K-1スーパーウェルター級王者にして、世界の中量級で最も勢いのあるチンギス・アラゾフ(24=ベラルーシ)。

181センチの体格とスラリと伸びた長い手足、そして一見パワーファイターのような風貌ながら、体がしなやかで多彩な蹴りを持ち合わせているのがアラゾフの特徴だ。

昨年6月の『K-1 スーパーウェルター級世界王者決定トーナメント』では、初参戦にして2KOを含む3連勝で世界王者となり、早くもその強さから「新生K-1最強外国人」との呼び声も高い。

アラゾフは3月21日にK-1のさいたまスーパーアリーナ・メインアリーナ大会で、スーパーウェルター級タイトルの初防衛戦として日菜太との対戦を控えているが、その前後にも試合が決定しており、1月27日(土)にイタリアで開催された『ThaiBoxe Mania』にて試合を行った。

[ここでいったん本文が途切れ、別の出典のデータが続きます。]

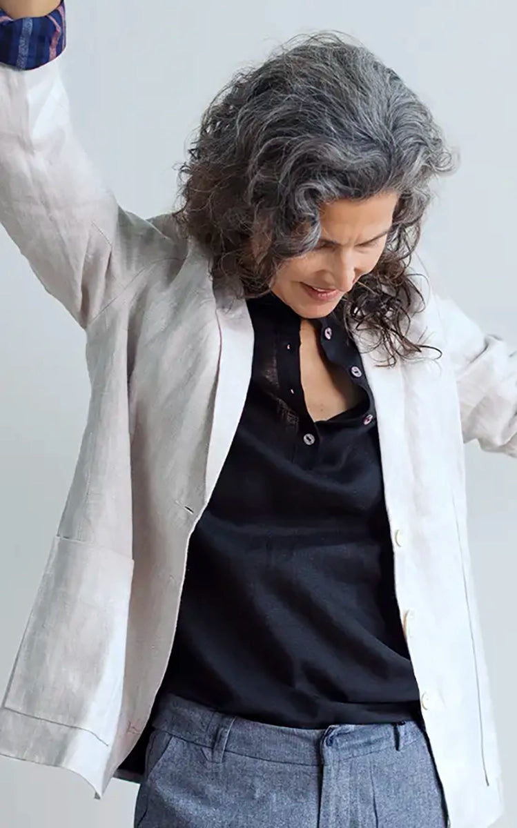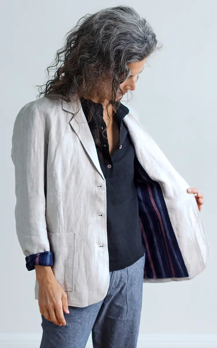 This blazer is really great… I mean really. The basic pattern comes from a vintage piece in my personal collection. A 1970s blazer with front patch pockets and a deep vent in the back making the whole piece fall so beautifully. I’ve lined it with natural linen to give it a bit of weight and structure. It’s soft, casual… the best for everyday!

対戦相手はムエタイ中量級レジェンドのスッドサコーン(31=タイ)で、肘あり・肘なしに関わらず、世界各地で試合を行う代表的なタイ人選手だ。同興行はムエタイルールが基本となるが、今回は「肘なし・3分3R」とK-1に近いルールで行われている。

アラゾフがノーダメージで完勝

ルール自体はK-1に近いものの、試合展開はK-1のようなスピーディーな攻防ではなく、お互いの蹴りの間合いから主導権を巡る技術戦となった。

アラゾフがゆったりと構え、サウスポーに時折スイッチしながら遠目からミドルキックやローキックを放てば、スッドサコーンもムエタイの強豪らしく負けじとミドルキックを返す。それでも距離を制しているのは、スピードや多彩さで上回るアラゾフだ。

上下に跳ねるようなステップから、やや変則的なリズムで繰り出す蹴りや、踏み込んでのパンチで主導権を握ることに成功。アラゾフは安全圏から試合を展開し、あまりリスクを取らずに蹴りを中心に攻める。スッドサコーンはミドルキックを時折放つが手数が少なく、ラウンドを支配しているのはアラゾフか。

3Rに入るとアラゾフのギアがやや上がり、パンチから蹴りへのコンビネーションを放つ。ただし無理に倒しには行かずに、あくまで自分の距離で戦うことに終始する。

一方でスッドサコーンは相手の懐に飛び込もうとはせずに、相手の間合いに付き合ってしまうためにどうしても手数が出せない。

明確なダメージは与えていないものの、試合を支配し、手数で上回ったアラゾフが判定で順当に勝利。遠目からの蹴り合いとなる展開が多かったために、双方ともにほとんどダメージなく終わっているが、3月にK-1の試合を控えていることを鑑みればクレバーな戦い方だったと言える。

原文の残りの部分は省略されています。